サウジ・アラビアン・オイル(サウジアラムコ)2025年通期決算およびクレジット評価
サウジアラビア王国政府が株式の約8割を保有する国策石油会社のサウジ・アラビアン・オイル(以下アラムコ)の概要と、同社発行の社債投資における評価ポイントについて解説。
アラムコの概要とサウジアラビア政府との関係
- サウジの石油埋蔵資産はあくまで王国の資産。アラムコが保有するのは独占的な採掘を法律に基づき与えられた鉱区件(コンセッション)。
- サウジアラビア政府はアラムコに対し三層構造により強い影響力を保持; (i)資源主権に基づく操業規律、(ii)財政(税・ロイヤリティ・配当)の大口受益者、(iii)株主としての支配
アラムコの事業状況
- EBITの大半は資源採掘(上流事業)に起因。下流事業は限定的な規模。上流事業の外部売上・EBITがFY2023→2025で減益。設備投資は高水準で推移。
- 2026/3の米・イラン開戦以降、サウジでは東西パイプライン経由で東部産出の原油を紅海側のYanbuからの輸出へ振り替える体制に急転換。湾岸諸国内で最もホルムズ海峡に代わる代替輸出が円滑。
アラムコの業績・財務傾向
- FY2023からFY2025にかけて、アラムコの売上高・営業利益・純利益はいずれも減少。 営業CFはFY2024からFY2025にかけて、約1,360億ドルと高水準を2期連続で維持。(巨額配当と、同社の高水準な設備投資額を併存させる土台に)

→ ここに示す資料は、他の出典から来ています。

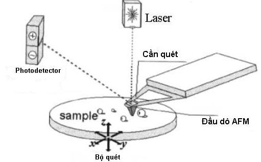 Các AFM điển hình sử dụng một hệ photodetector mà trong đó đầu dò được gắn với bên dưới của một cần quét phản xạ. Một tia laser được chiếu vào mặt phản xạ của cần quét. Khi đầu dò quét lên bề mặt mẫu, do sự mấp mô, nó sẽ rung động theo trục z, chùm laser phản xạ trên cần quét sẽ bị xê dịch tương ứng với rung động đó. Đặc trưng dao động của chùm laser phản xạ sẽ được hệ thống photodetector ghi lại và chuyển thành tín hiệu điện thế. Tín hiệu điện thế lại được xử lý và diễn giải theo chiều cao z đặc trưng cho tính chất địa hình của mẫu. Quá trình hồi tiếp sự khác nhau về tín hiệu giữa những cảm biến quang học, qua sự xử lý của phần mềm máy tính, cho phép duy trì hoặc là một lực không đổi, hoặc là một độ cao không đổi trên bề mặt mẫu.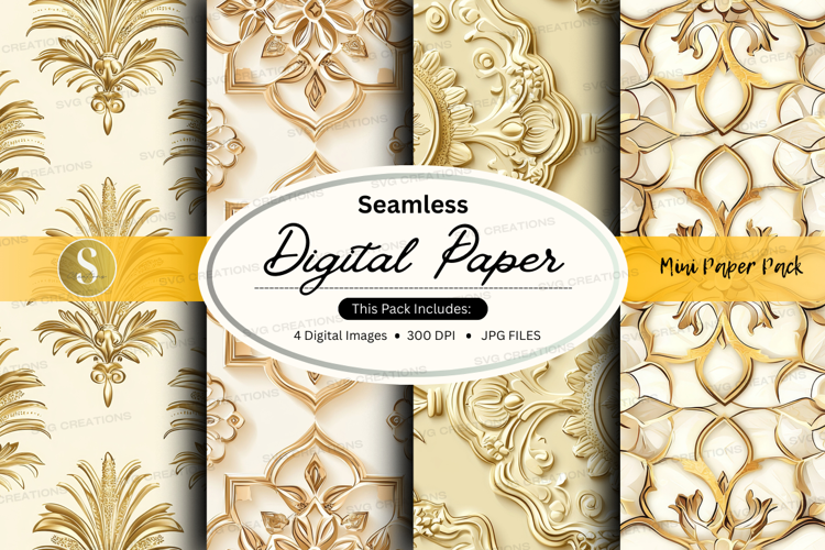 Decorative Gold Design Ornate Pattern Digital Paper Seamless White Background Crafting Embossed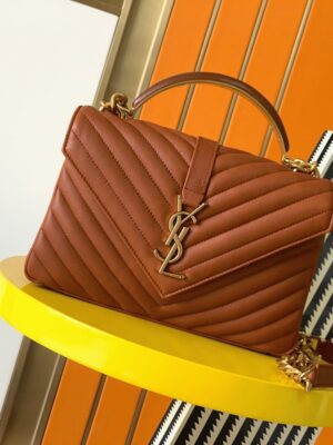 Home / YSL bags/ Fake Saint Laurent College Medium Chain Bag Brown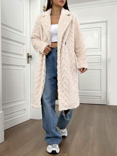 SHEIN Unity Abrigo De Mujer De Lana Larga Con Solapa - Albaricoque - Añade 3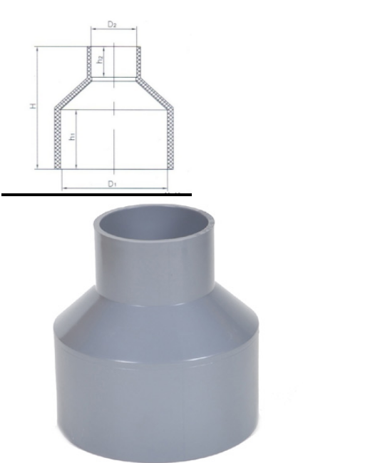 Descripción Reducción de diámetro / Conexión para tuberías PVC de diferentes diámetros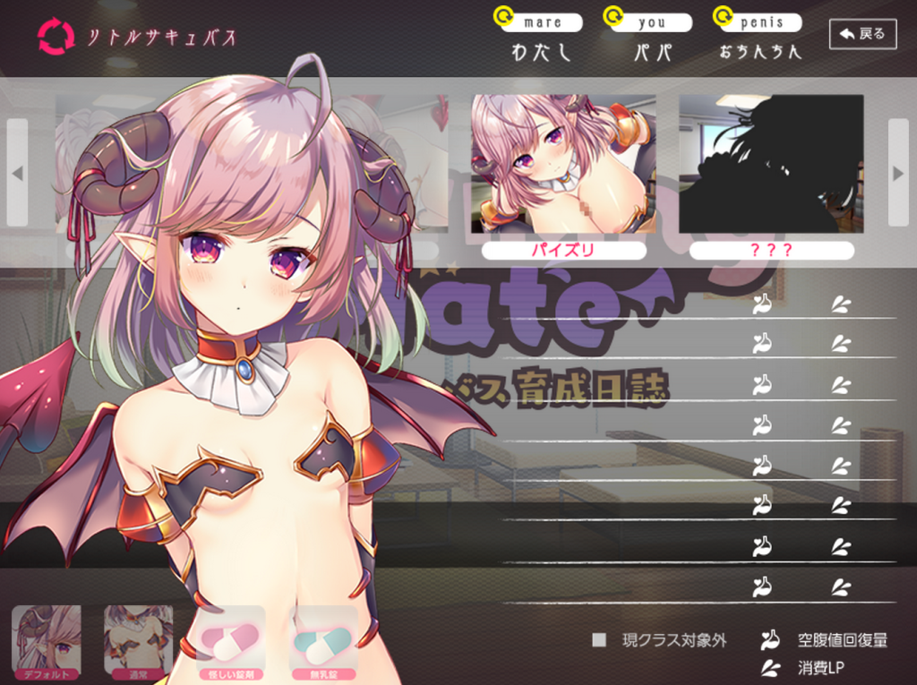 メアちゃんはエッチな経験をすることで成長して行きますが、エッチをやり過ぎるとメアちゃんが暴走して精気を搾り取られてゲームオーバーになってしまうのでバランスを見ながら立派な「サキュバスクィーン」になれるように教育して行きましょう。ゲームは制限時間も無くパラメータを気にしながら行動を選択するするだけなので片手で気楽にプレイできます。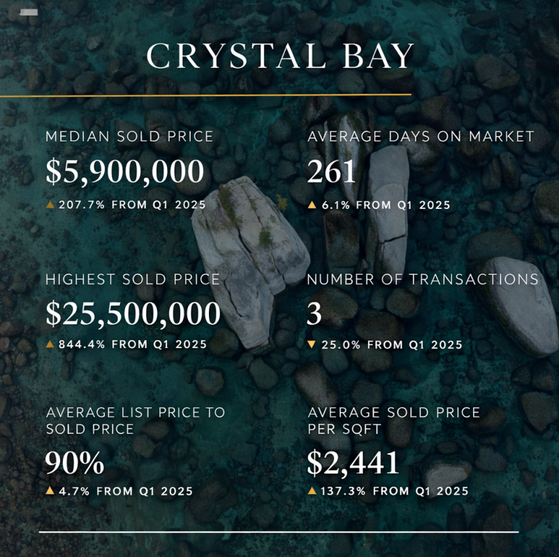 Crystal Bay experienced one of the most dramatic shifts in the region, largely driven by a small number of high-end and lakefront transactions. The median sold price jumped over 200%, climbing to $5.9 million while average sold price per sqft surged more than 137%.

- (i) 純有利子負債は2024年からプラス計上。ただし、(ii) 純有利子負債/EBITDA倍率が概ね0.1倍未満、(iii )レバレッジ比率もわずか3.8%と極めて頑健な財務状況。
信用格付の状況
- Moody’s(Aa3格)、Fitch(A+格)共に、アラムコをサウジアラビア王国と同等の格付け
社債市場の状況と投資評価
- アラムコ社債の信用スプレッドは、4月9日のイランによる国内施設攻撃にもかかわらず、足元で安定。AA格ゾーンの社債としてみれば、現在の信用スプレッドは充分に厚く、格付け見合いでの利回りは相対的に高い。また、イランから直接的な地政学リスクを受けているものの、産油国の中では最もエスカレートされにくい国でもある。
- サウジアラビア政府との一体性が強いアラムコの社債には、一定の投資機会が存在。